> EXERCISE DESCRIPTION:
Output must consist only of the lines of the material below from the one with "White Bow Decor" through the one with "正如之前报道的那样,Gith", each reproduced exactly; no pictures belong in it.

> DATA FOR THIS EXERCISE:
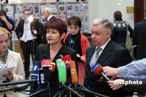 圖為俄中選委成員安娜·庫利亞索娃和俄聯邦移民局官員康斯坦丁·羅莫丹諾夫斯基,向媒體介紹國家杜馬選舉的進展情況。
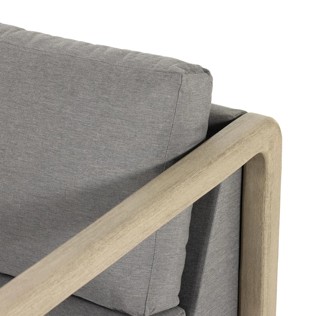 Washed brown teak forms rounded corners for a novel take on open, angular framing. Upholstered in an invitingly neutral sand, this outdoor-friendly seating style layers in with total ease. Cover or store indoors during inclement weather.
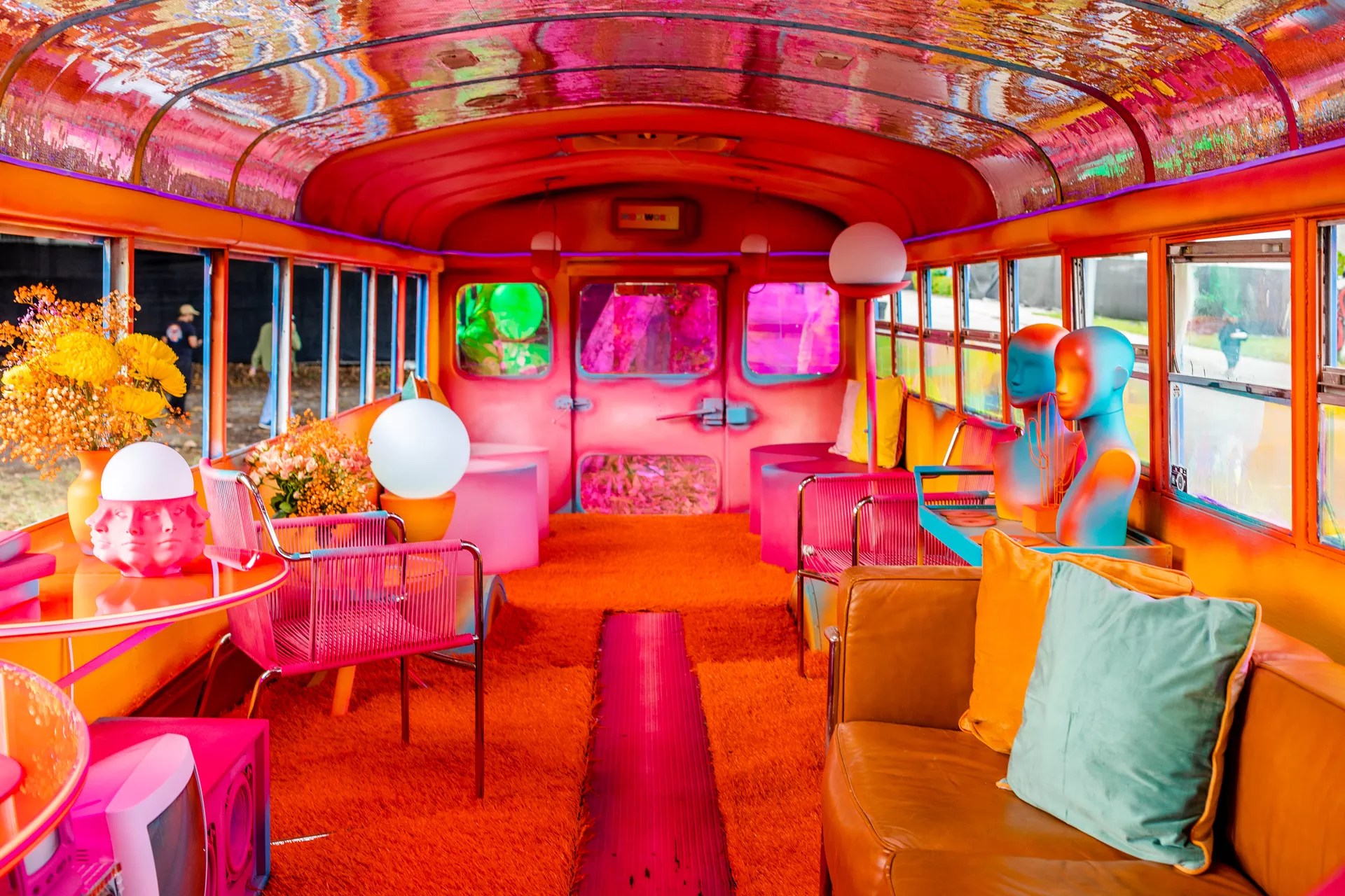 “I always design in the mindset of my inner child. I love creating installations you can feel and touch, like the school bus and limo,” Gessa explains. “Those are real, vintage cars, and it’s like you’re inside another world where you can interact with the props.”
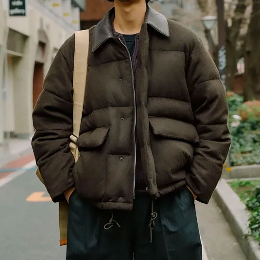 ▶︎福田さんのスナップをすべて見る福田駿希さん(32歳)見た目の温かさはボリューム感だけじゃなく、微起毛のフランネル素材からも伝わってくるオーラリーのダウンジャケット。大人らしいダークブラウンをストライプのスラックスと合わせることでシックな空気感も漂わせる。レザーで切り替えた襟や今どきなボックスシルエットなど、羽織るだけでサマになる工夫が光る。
---
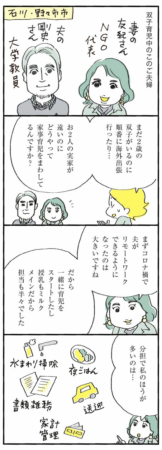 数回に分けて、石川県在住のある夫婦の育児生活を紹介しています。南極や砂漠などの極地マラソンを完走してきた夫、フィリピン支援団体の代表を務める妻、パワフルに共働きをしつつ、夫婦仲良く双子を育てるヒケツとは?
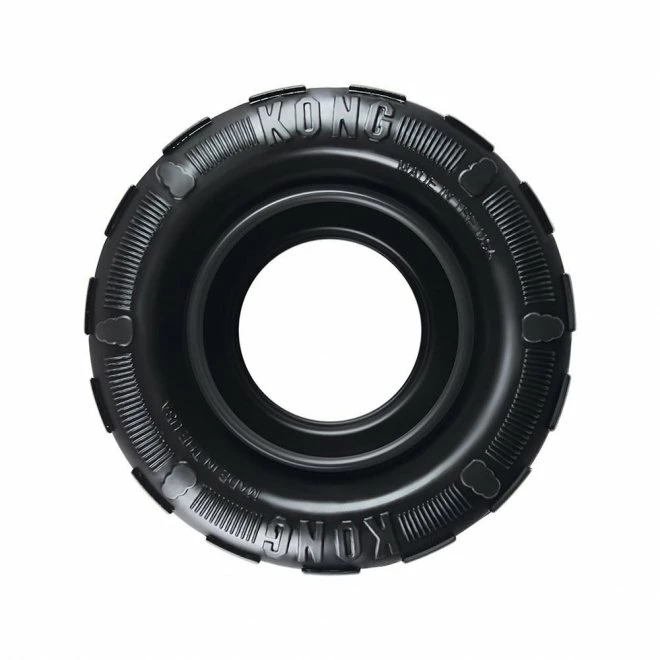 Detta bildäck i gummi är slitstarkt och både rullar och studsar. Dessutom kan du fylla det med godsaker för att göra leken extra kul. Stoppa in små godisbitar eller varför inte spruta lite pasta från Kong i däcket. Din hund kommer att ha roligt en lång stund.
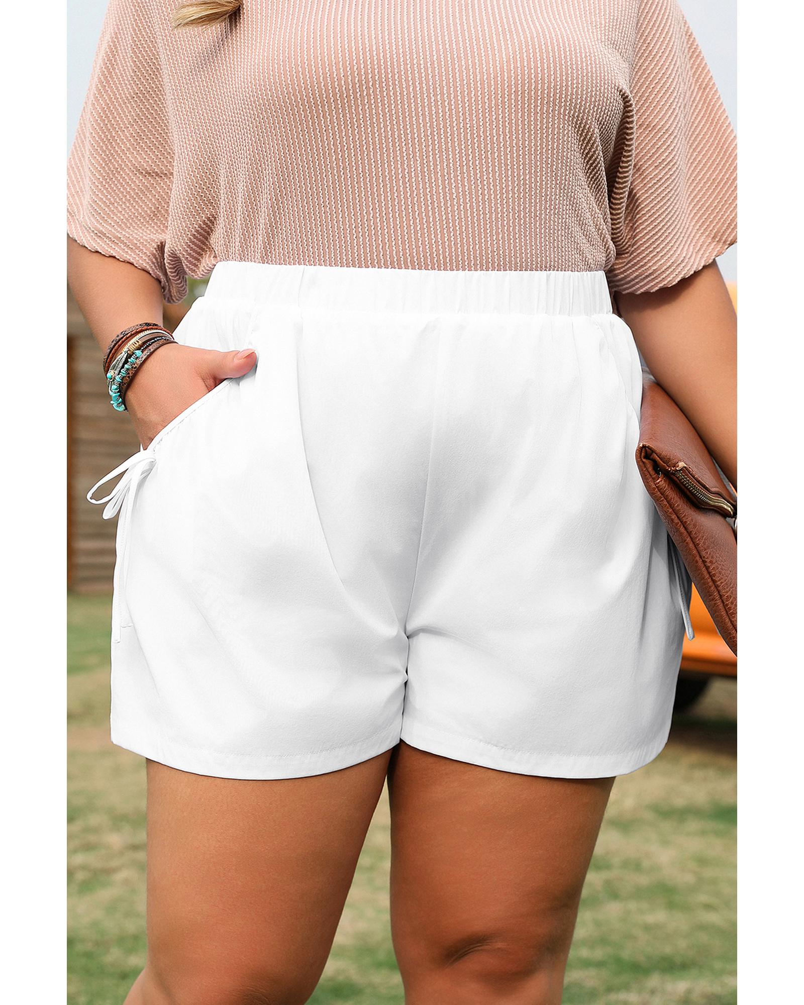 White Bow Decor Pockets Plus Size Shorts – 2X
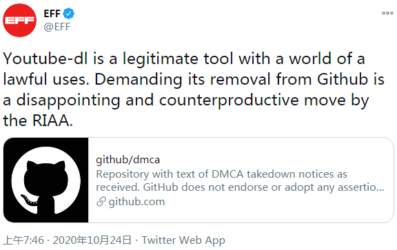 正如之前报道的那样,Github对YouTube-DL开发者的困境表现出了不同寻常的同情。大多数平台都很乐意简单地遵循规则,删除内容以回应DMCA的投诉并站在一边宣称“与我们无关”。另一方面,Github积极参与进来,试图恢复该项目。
* * *
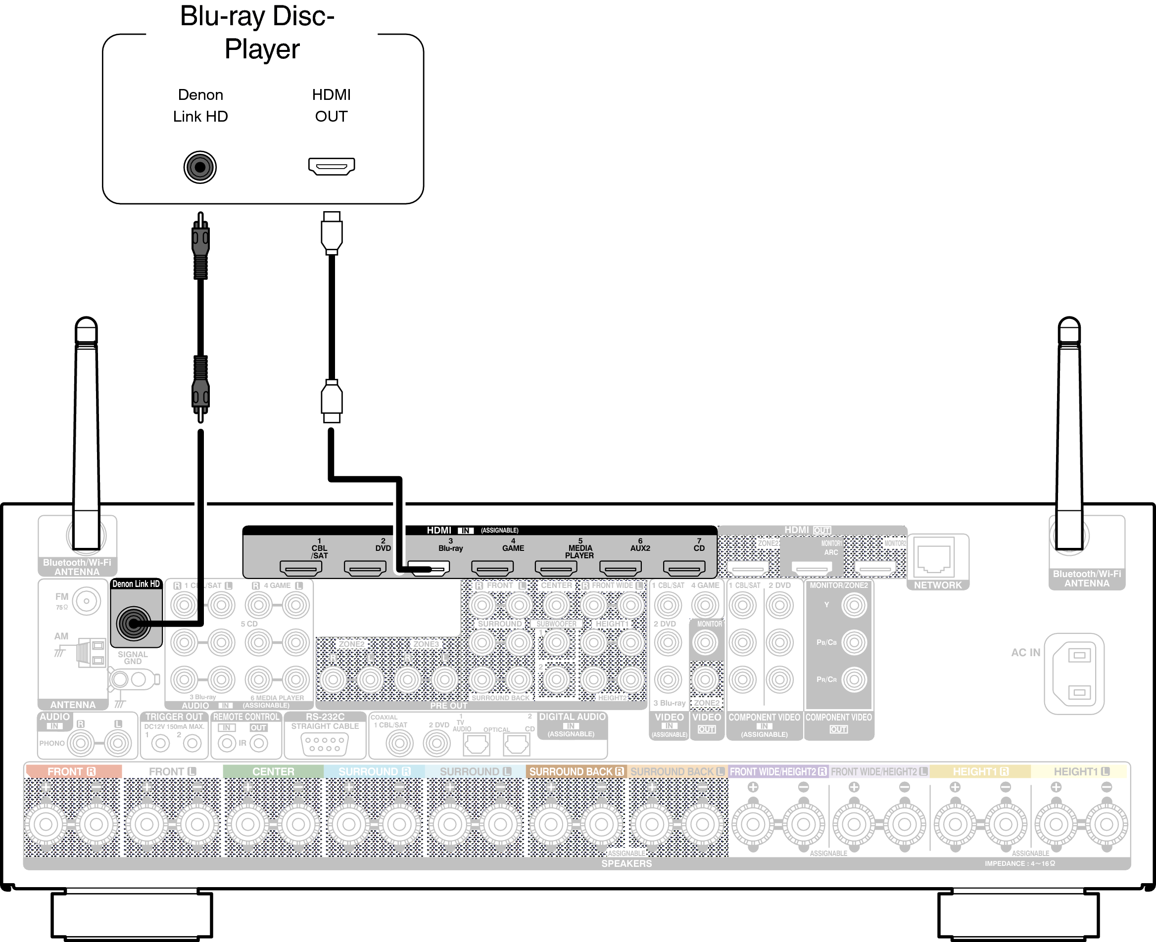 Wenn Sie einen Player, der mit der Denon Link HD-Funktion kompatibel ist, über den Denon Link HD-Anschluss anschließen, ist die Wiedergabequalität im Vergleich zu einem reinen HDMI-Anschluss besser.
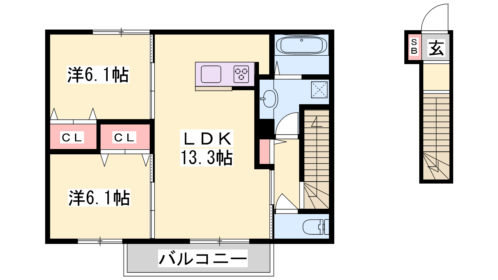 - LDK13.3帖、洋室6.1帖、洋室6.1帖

> RESPONSE FOR THIS EXERCISE:
 White Bow Decor Pockets Plus Size Shorts – 2X
 正如之前报道的那样,Github对YouTube-DL开发者的困境表现出了不同寻常的同情。大多数平台都很乐意简单地遵循规则,删除内容以回应DMCA的投诉并站在一边宣称“与我们无关”。另一方面,Github积极参与进来,试图恢复该项目。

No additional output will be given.